Local content – especially reality series – will always be a strength, but who knows what the priorities will be of the newly formed entity that will come from the proposed merger with RNZ?
Apple TV+
Buoyed by Coda’s success at the Oscars, the future does look bright and star-studded for the technology king’s subscription service.
In the next 12 months there will be Henry Cavill and Bryce Dallas Howard-led spy thriller Argylle, Sundance-winning comedy Cha Cha Real Smooth, South Island-shot The Greatest Beer Run Ever and Martin Scorsese’s hotly anticipated Killers of the Flower Moon. New series include crime drama Black Bird and dark comedy Bad Sisters.
Free multi-month offers with every Apple product will continue to allow it to attract new viewers, and it recently started offering a services bundle (Apple One) which includes the company’s gaming and music offerings.
Neon
Still seen as consistently offering the international dramas that get New Zealanders binging and talking about (everything from Succession to Yellowjackets and Mare of Easttown in the past year), as well as an ever-changing small, but solid, range of new and classic movies, this Sky-owned streamer’s strengths are its local curation and mix of box sets and weekly episodes, often airing within hours of the US.
However, there has been an increasing dependence on the Warner’s empire (HBO, HBO Max and its other offshoots), something that could come back to haunt it when its present deal runs out (its length has been a closely guarded secret since it was signed in August last year).
ThreeNow
And that’s because the recently created Warner Bros. Discovery is the owner of this little service and its associated network TV channels.
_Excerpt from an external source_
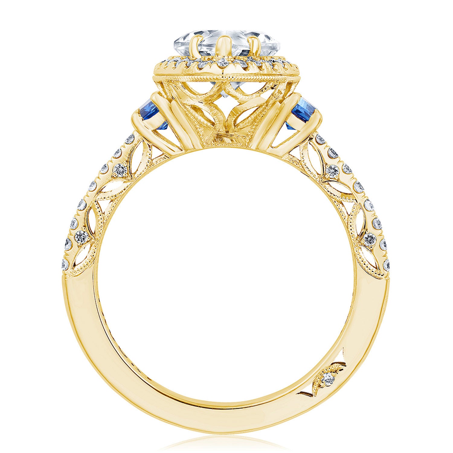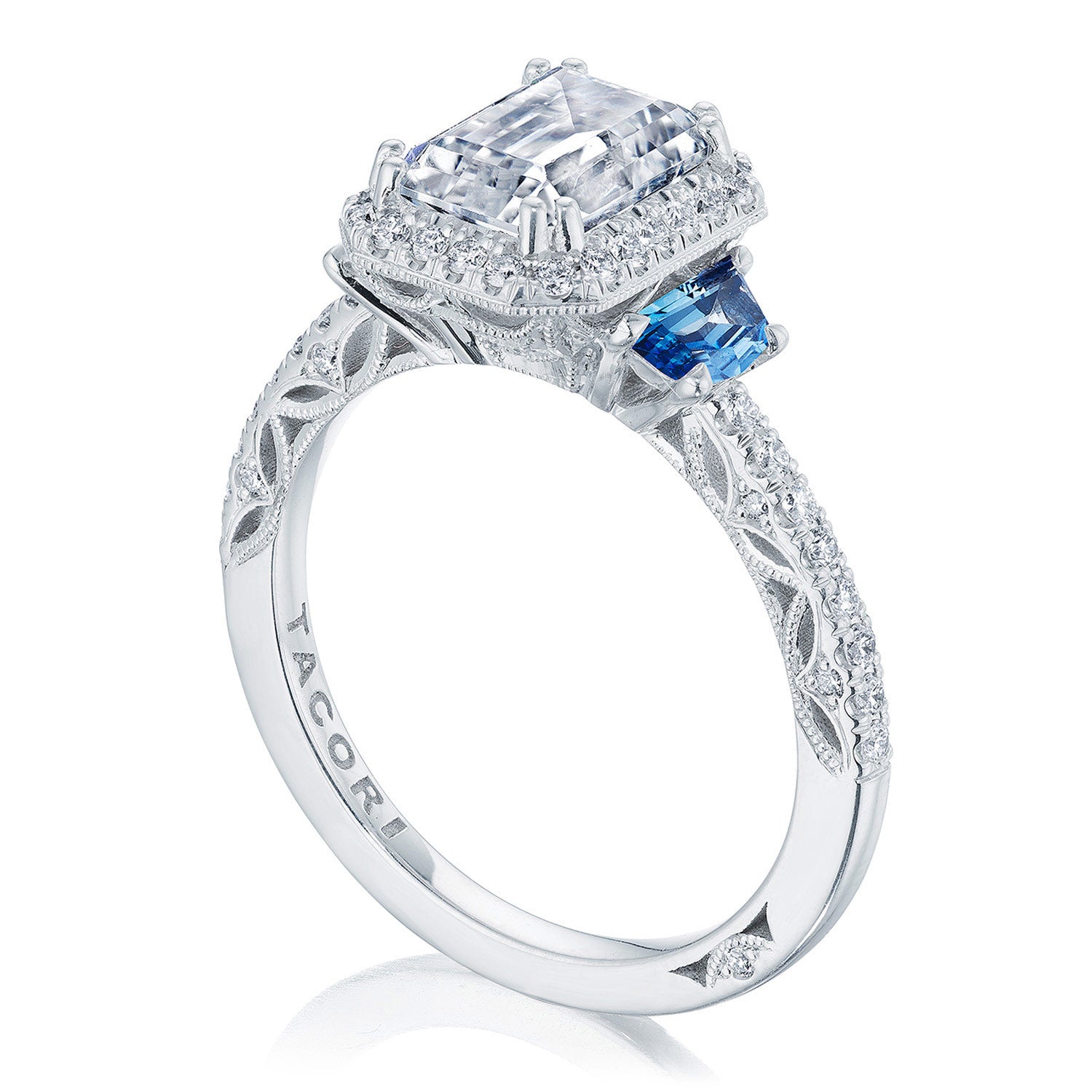 This elegant three-stone setting is exceptionally detailed. A Spotlight Bloom with blue sapphire Cadillac-cut side stones sit atop a meticulous French pavé band enhanced by the lace-like, Dantela Crescent Fabric.

Already we’ve started to see a subtle shift in the content, a few zeitgeisty documentaries here, a quality British or Australian drama there and definitely more Hollywood movies. But, while as a user experience it’s still more than a little clunky, imagine what the combined power might be of a global operation that owns everything from HBO and HBO Max to CNN, Animal Planet, Cartoon Network and Warner Bros. television, once the planets align (and existing contracts run out)?
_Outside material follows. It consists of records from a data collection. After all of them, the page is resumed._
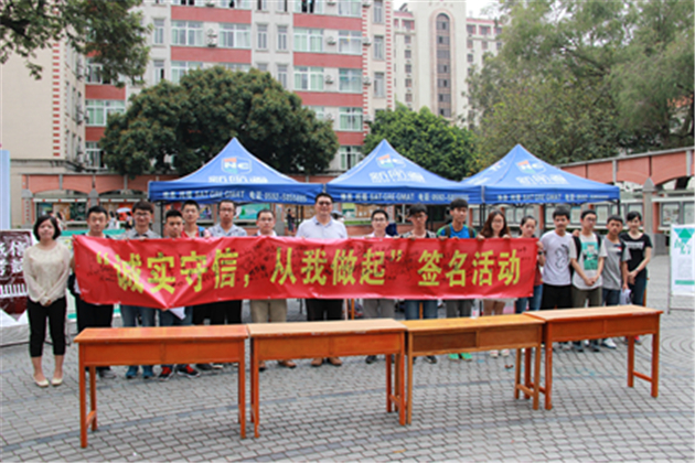 2015年6月1日,pc28开奖结果预测官网刮刮乐学生处和我院联合主办的“诚实守信,从我做起”主题教育宣传活动在三家村举行。pc28开奖结果预测官网刮刮乐学生工作处处长夏侯建兵,我院党委副书记周蕾,以及学生处、校团委和法学院老师参加了此次活动。
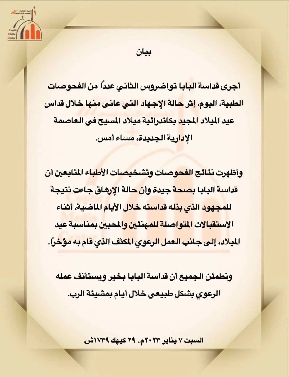 The results of the tests and diagnosis of the doctors following up with His Holiness Pope Tawadros II showed that H.H. is in good health and the state of exertion H.H. experienced by His Holiness was a result of the efforts he made during the past days, through the continuous receptions of guests to congratulate H.H. on Christmas along with the pastoral work that he carried out recently.
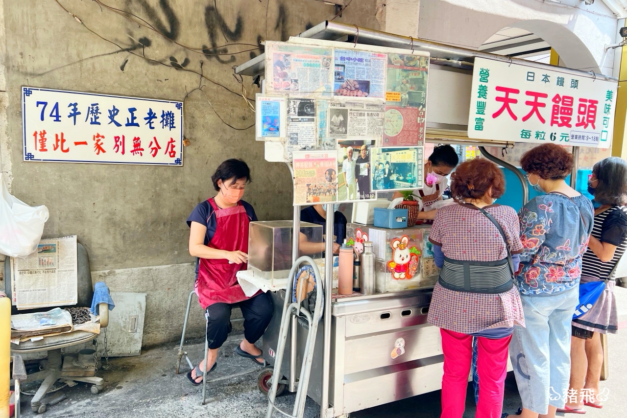 【天天饅頭】是一個歷史悠久的攤位,地點在台灣大道一段跟三民路交叉口附近,巷口是有名的「越南法國麵包工藝 Lò Bánh Mì Pasteur」,非常好找。每天營業時間9:00-18:00,我通常都是來買越南法國麵包當午餐,再買天天饅頭當點心,一次把這兩家台中超人氣美食買齊。

Whether ThreeNow remains the flagship, or we see the arrival of HBO Max and/or Discovery+ it’s hard to know (although there is the precedent of Warner Bros. Discovery already stating that HBO Max will arrive in the UK, Germany, Ireland and Italy at the end of 2025, once its output deal with Sky’s equivalent in those countries runs out), but don’t bet against it shaking up and turning New Zealand’s streaming landscape on its head.